As any of us know who are carrying a few extra pounds, fat is a great insulator. 



> Couldn't you use wax paper? I use it in baking when it calls for parchment paper
> Reply With Quote


When exposed to heat the wax coating on waxed paper melts and coats your food. It isn't recommended for baking for that reason. If used in canning bacon it would only magnify the safety issues that already exist.

Bacon freezes very well and even keeps for weeks with just refrigeration. Canning it serves little purpose.


----------



## MichaelK! (Oct 22, 2010)

I just tried canning bacon last week. Bought some fresh bacon at the meat counter and then asked the lady if see could give me some extra butcher paper to take home. She gave me way more than I asked for and had to tell her to roll some back.
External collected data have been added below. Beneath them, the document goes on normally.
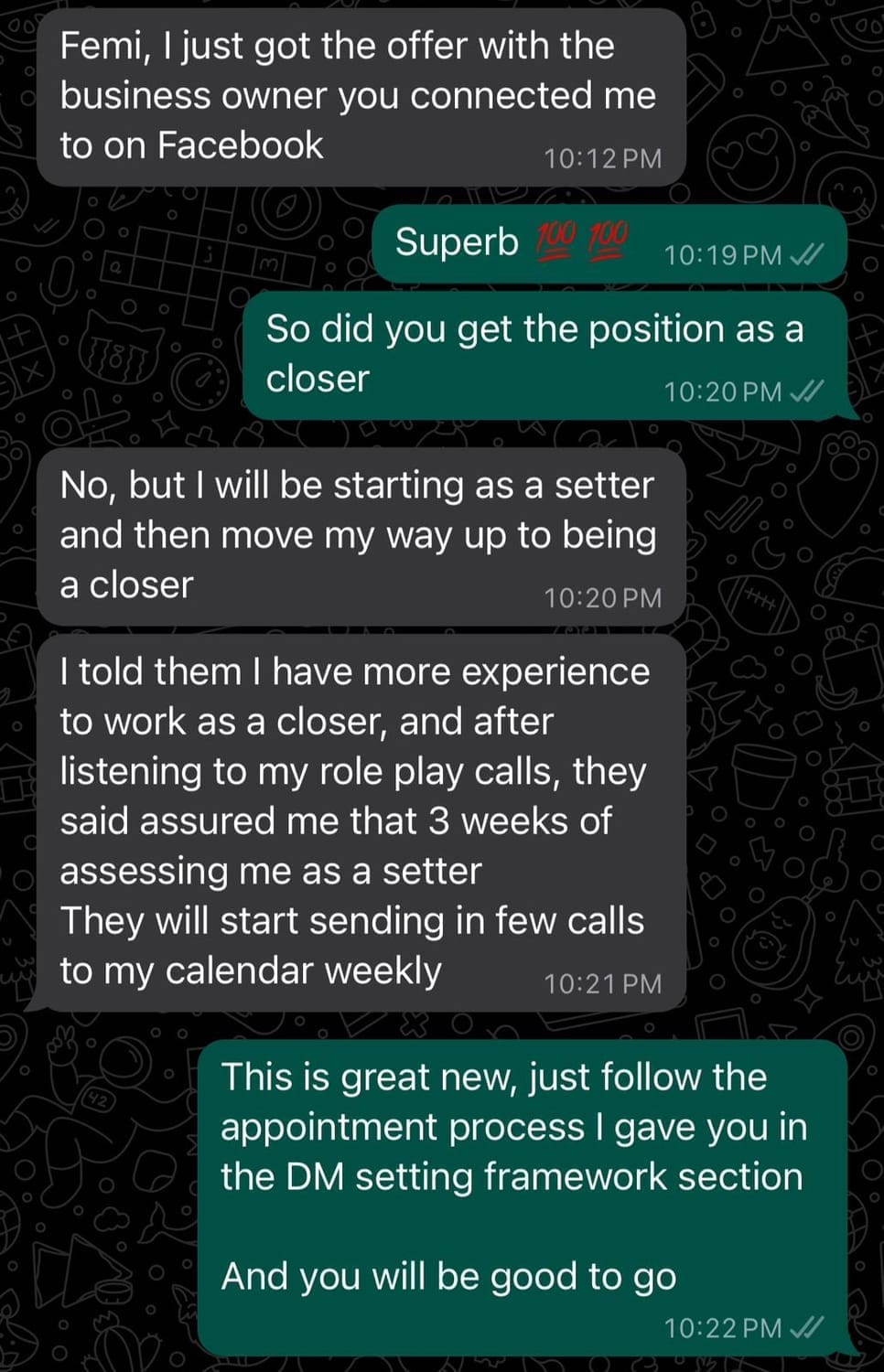 "Landed my first closer role in 2 weeks. The positioning blueprint is gold."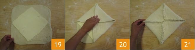 Coloque o bloco de manteiga no centro do quadrado para formar um losango 19. Em seguida, dobre as extremidades da massa subjacente em direção ao centro do bloco de manteiga 20, juntando as bordas, mas sem sobrepô-las. Sele as extremidades com os dedos 21. Deixe repousar na geladeira por 10-15 minutos.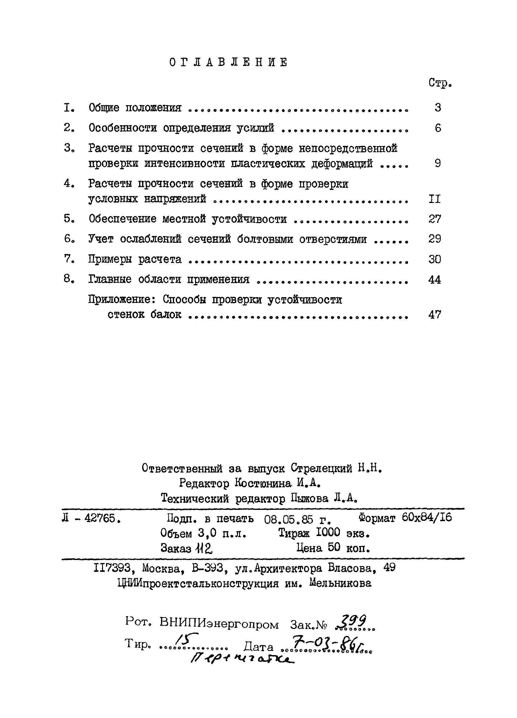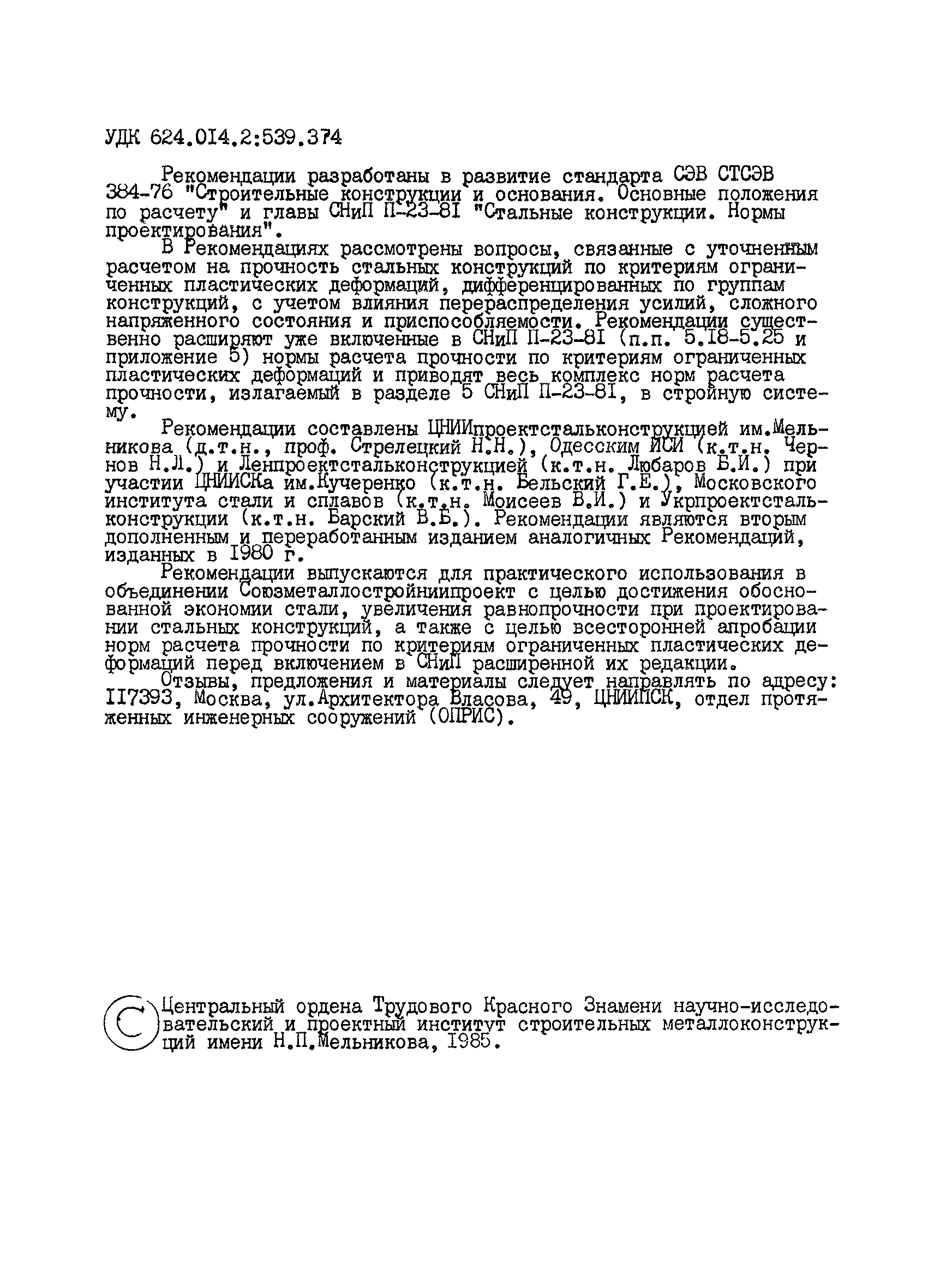 | Утверждён: | 10.01.1985 ЦНИИпроектстальконструкция им. Мельникова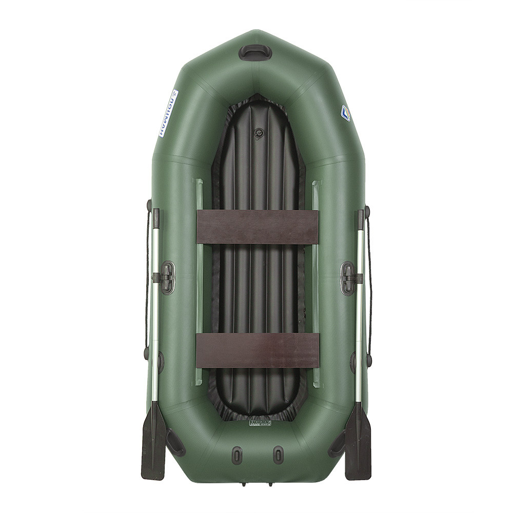 Лодка с наибольшей шириной из гребных под мотор такого размера и самым большим баллоном. Комфортно разместятся и пассажиры и вещи. ВНД - надувное дно обладает дополнительной теплоизоляцией и безопасностью т.к является воздушным отсеком. За счет малой осадки лодка легко проходит мелководье, не боится каменистого дна и берегов.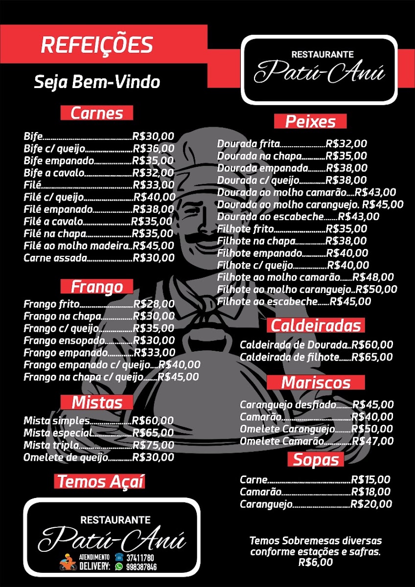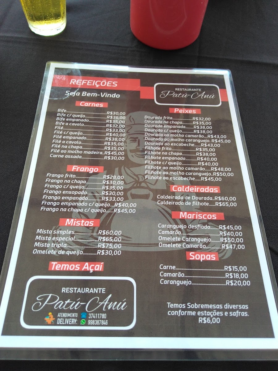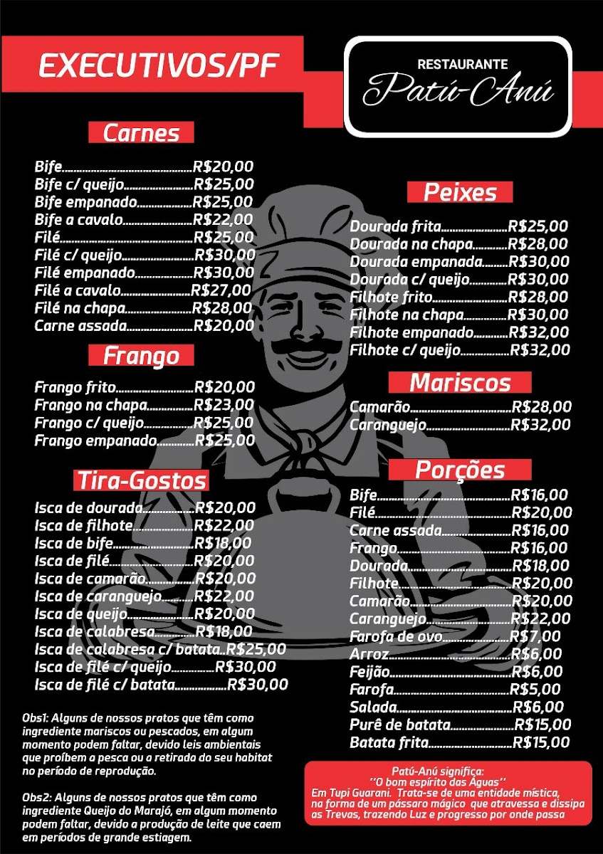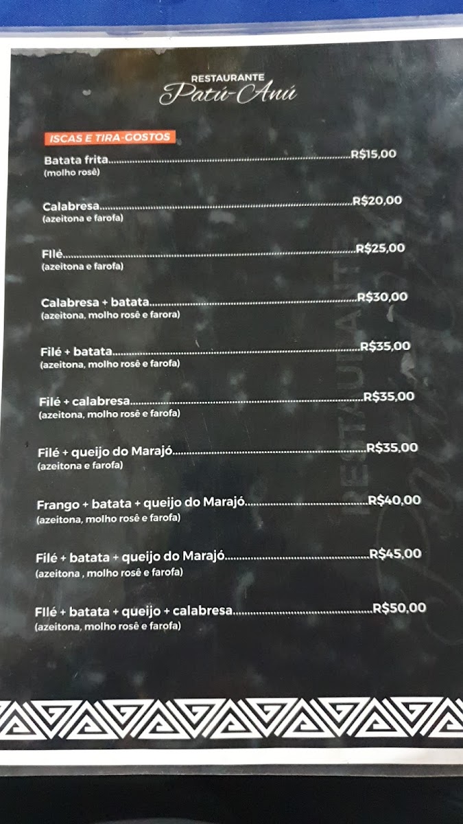 Lastly, the PF Filhote Na Chapa is a grilled fish dish served in a traditional Brazilian style, highlighting the fresh and natural flavors of local seafood. With a variety of meats and seafood options, Restaurante Patú-Anú’s menu offers something for every palate, each dish thoughtfully crafted to showcase the best of the region's flavors and ingredients.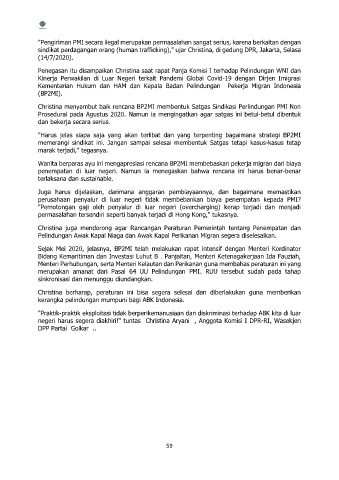 sindikat perdagangan orang (human trafficking)," ujar Christina, di gedung DPR, Jakarta, Selasa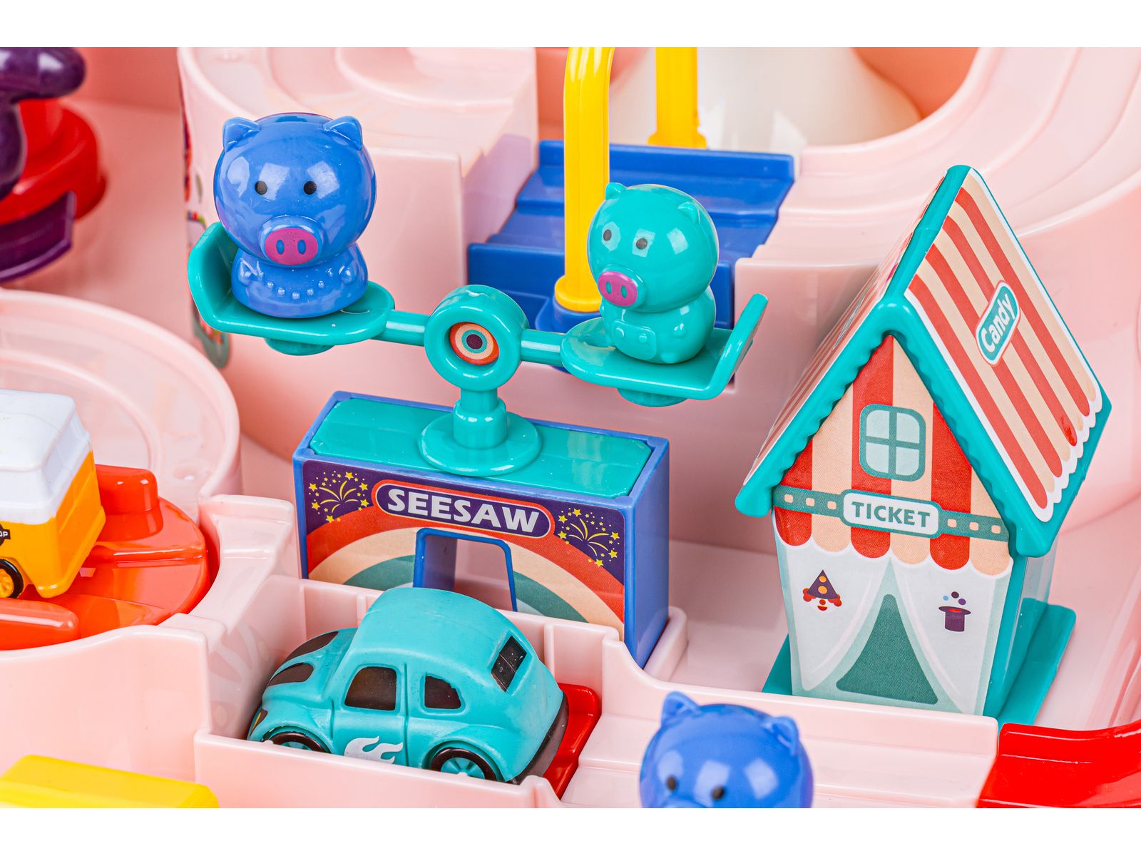 Tor przeszkód to zabawka pełna atrakcji - zaprojektowana w ten sposób aby przeprowadzić samochodzik aż do mety ale używając specjalnych przycisków! Samochodziki w trakcie "przeprawy" muszą nie raz zmienić kierunek jazdy, czy też pokonać m.in. zjeżdżalnię lub most zwodzony.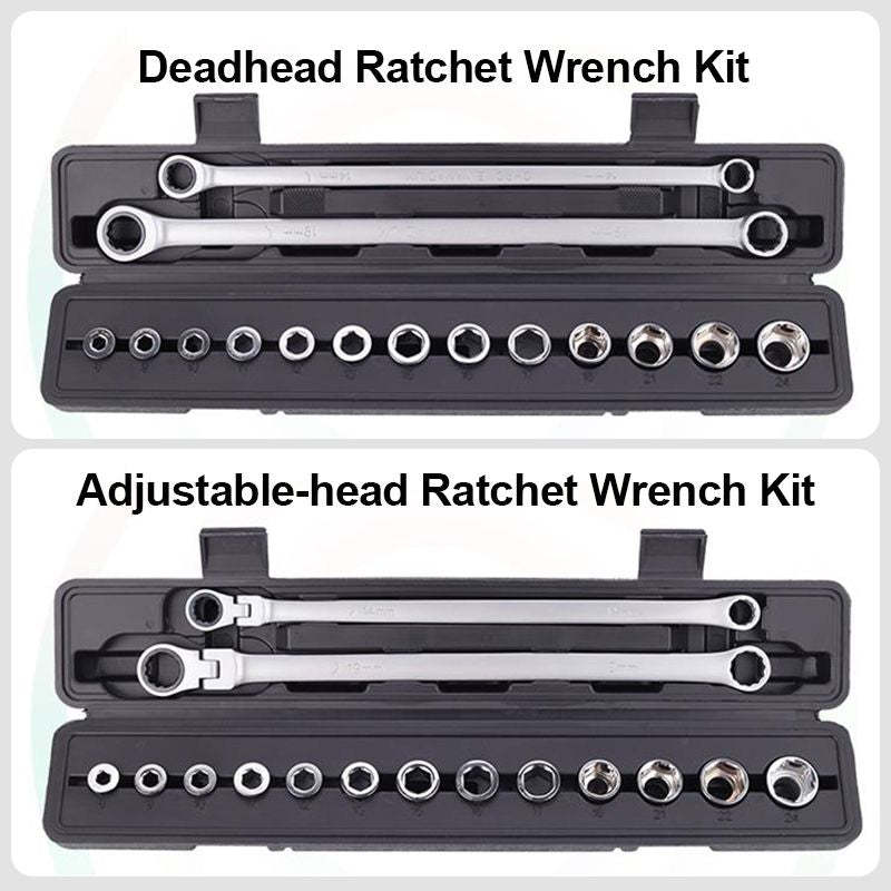 Extra Long Flex-Head Ratcheting Wrench Set includes all 9 sizes of hex heads from 8mm to 17mm and 4 sizes of sleeve heads from 18mm to 24mm.

I used the same technique outlined in the backwoods journal article. One pound of bacon filled two jars that I pressure canned for the required time. At the end of processing, one jar sealed while the other did not. As the unsealed jar cooled I quickly refrigerated it. I'm letting the sealed jar set for later evaluation. Most likely the fat issue is why it didn't seal. Or, it might be a fragment of paper from rolling.

Judy, sure, bacon freezes well. But,,,,, that requires electricity. What about my off grid cabin that does not?


----------